The researchers first put forth this "bioprospecting" workflow in a 2015 PLOS One paper in which they identified 45 potentially antimicrobial peptides from American alligator plasma, which is known to have antimicrobial properties. Various aspects of the Komodo dragon lifestyle suggested that it, too, could be a rich source of CAMPs.

"They live in an environment that's challenging from a bacterial standpoint," he said. "They eat carrion. Their oral cavities have a bunch of bacteria, over 57 strains, at least in one animal tested, the majority of which can be pathogenic. Yet, despite bleeding gums and wounds from fights with each other, they appear to be doing just fine."

Using hydrogel microparticles seeded with baits with negatively charged acidic groups to attract the cationic peptides most likely to be CAMPs, the researchers collected and sequenced 193 peptides in unstimulated plasma and 259 in plasma treated with lipopolysaccharide, which stimulates immune responses.

They then used their method to analyze these molecules, identifying a total of 48 candidates likely to have antimicrobial activity.

Interestingly, Van Hoek said, 47 of these 48 peptides were histone-derived.

"That was surprising to us," she said, noting that other histone-derived peptides have been identified previously, including from rainbow trout skin secretions and the stomach lining of the toad Bufo gargarizans, but that these peptides appeared to have little in common structurally with those identified in the JPR study.

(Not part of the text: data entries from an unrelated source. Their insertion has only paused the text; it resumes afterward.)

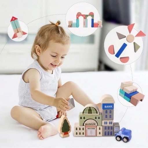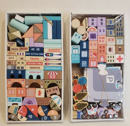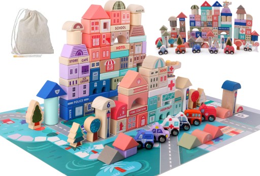 WSPANIAŁY ZESTAW KOLOROWYCH EDUKACYJNYCH DREWNIANYCH KLOCKÓW - MIASTO 115 ELEMENTÓW
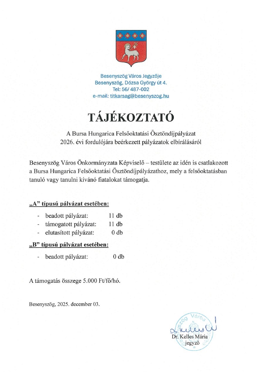 Besenyszög Város Önkormányzata Képviselő-testülete 2025. évi soron következő ülését 2025. november 20.-án (csütörtök) 15.00 órára összehívja.
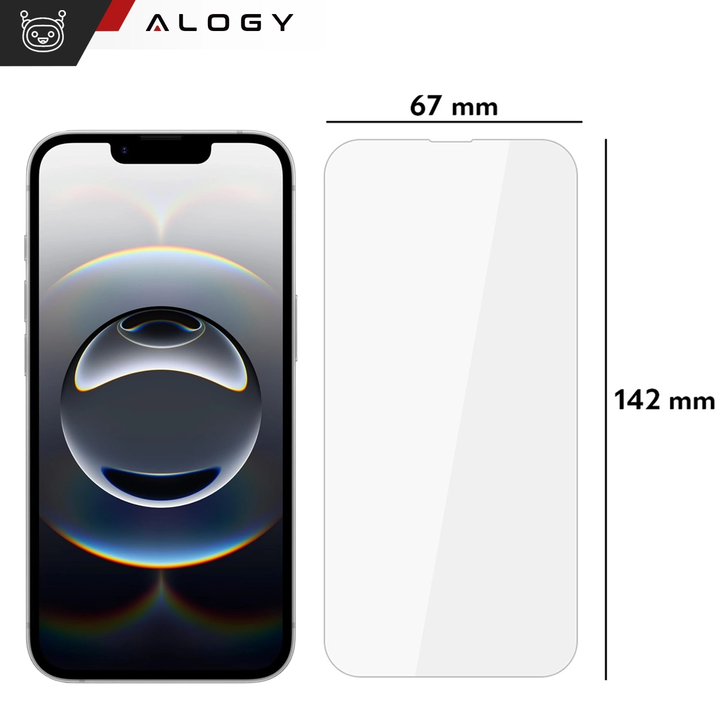 Das gehärtete Glas Alogy 9H für Apple iPhone 13, iPhone 13 Pro, iPhone 14  besteht aus einem besonders strapazierfähigen Material, das einen effektiven Schutz für den Gerätebildschirm bietet. Das Glas kann Kratzer und Schäden an der Außenseite des Displays verhindern.
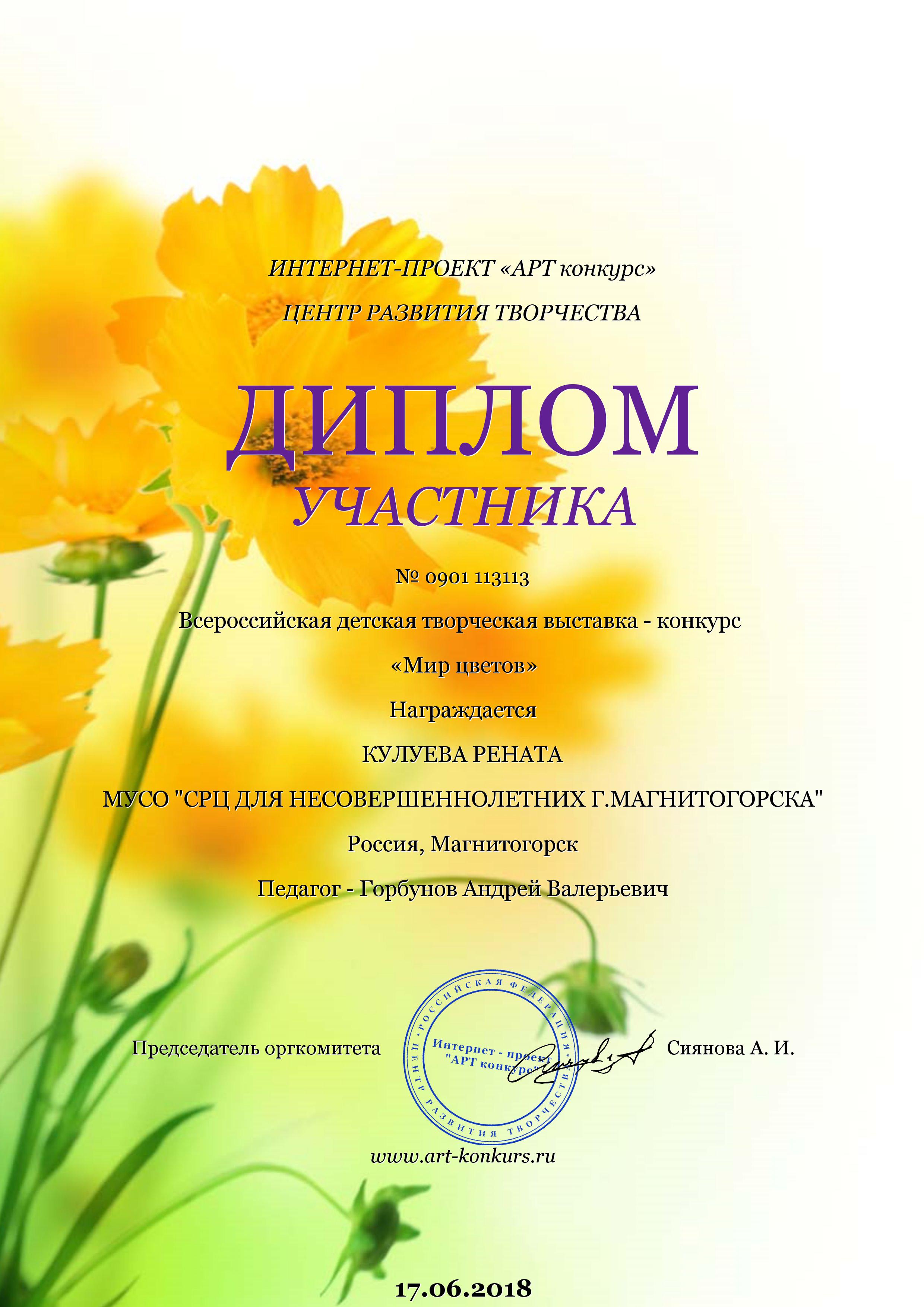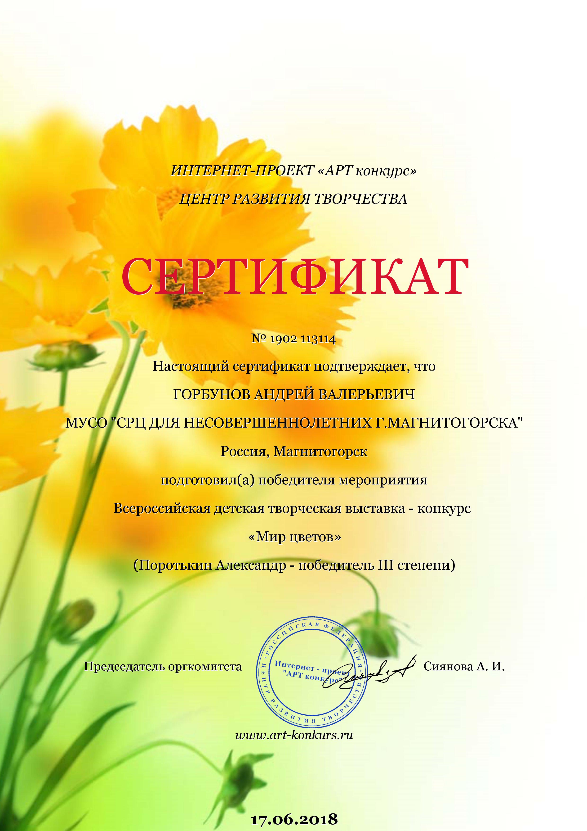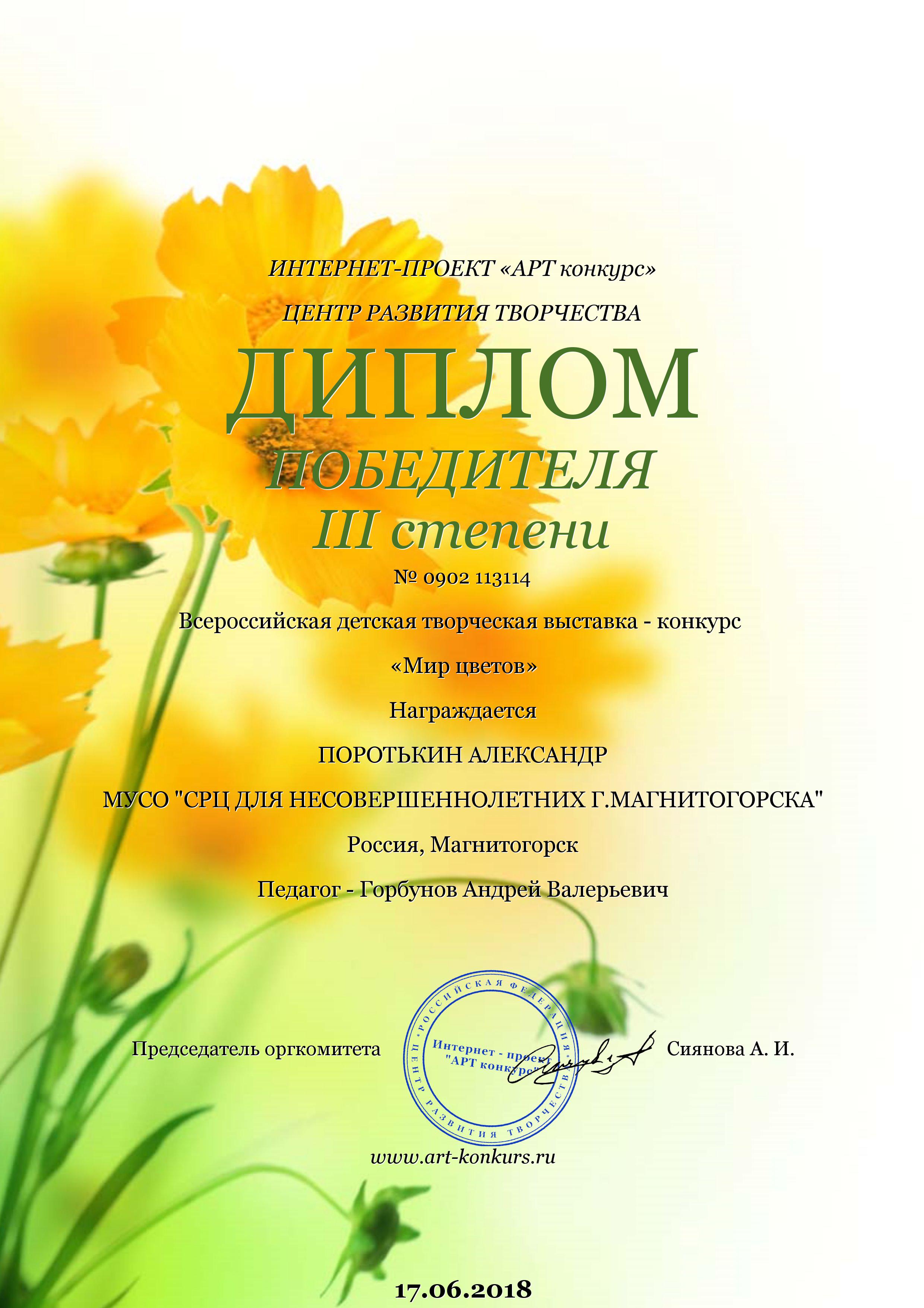 Дипломом за 3 место был награжден Поротькин Александр, участвующий в номинации «фотография». В этой же номинации участвовала Кулуева Рената – она получила диплом участника. Участников выставки подготовил Горбунов Андрей Валерьевич – воспитатель Центра.

"Our scripts are designed to take the sequences that we identified from the mass-spec data and [characterize] their physical and chemical properties," Bishop said. "And these scripts also take the same sequences and query them with prediction algorithms that are based on databases of [antimicrobial] peptides. The script then compiles the data into a unified spreadsheet that compares what the prediction algorithms [say] are probably anti-microbial, versus [those identified by] physical-chemical properties."

"The algorithms have their shortcomings," he added, noting that he and his colleagues are looking for hits based not on just one database or algorithm, but multiple.

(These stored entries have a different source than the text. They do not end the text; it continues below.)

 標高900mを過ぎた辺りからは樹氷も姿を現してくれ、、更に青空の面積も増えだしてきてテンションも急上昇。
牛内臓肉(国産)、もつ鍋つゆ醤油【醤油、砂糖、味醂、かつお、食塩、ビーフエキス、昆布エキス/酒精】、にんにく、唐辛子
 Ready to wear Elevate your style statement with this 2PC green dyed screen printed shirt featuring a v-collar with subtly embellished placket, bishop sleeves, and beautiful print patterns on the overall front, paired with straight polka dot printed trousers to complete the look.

Once the researchers identify the peptides they are interested in exploring further, they generate them synthetically. This ensures that they can have a sufficient supply of them for testing, a key consideration given that they are typically present in low abundance and that, in the case of endangered species like the Komodo dragon, samples are limited.

More generally, the low samples requirement is a key advantage of the GMU approach, Bishop suggested.

Some previously developed proteomic "bioprospecting" approaches have tried to compensate for the challenges of identifying and the testing low abundance CAMP candidates by starting with very large sample sizes, but this can limit the organisms available to such an analysis.

"We're using around 100 microliters of plasma," Bishop said. "So we're not drawing a lot of blood from the animal."

Van Hoek also noted that this approach opens up their technique to very small organisms, "where it might be possible to get a blood sample but not of a very large volume."

Bishop said it was too early to say how the molecules they have discovered will compare to conventional antibiotics, adding that, ultimately, a treatment would likely consist of agents inspired by these peptides, or combinations of multiple peptides, or peptides and existing drugs.

He noted that one significant finding was that many of the peptides they identified in their reptile work have shown activity against antibiotic-resistant bacterial strains.

Specifically, Van Hoek said that alligator peptides had shown activity against bacteria including multi-drug resistant Acinetobacter, Pseudomonas, and methicillin-resistant Staphylococcus aureus (MRSA).

She said the researchers are now preparing to test the peptides they have identified in models, including animal models, to show they have activity against infections and generate evidence supporting clinical testing of the agents.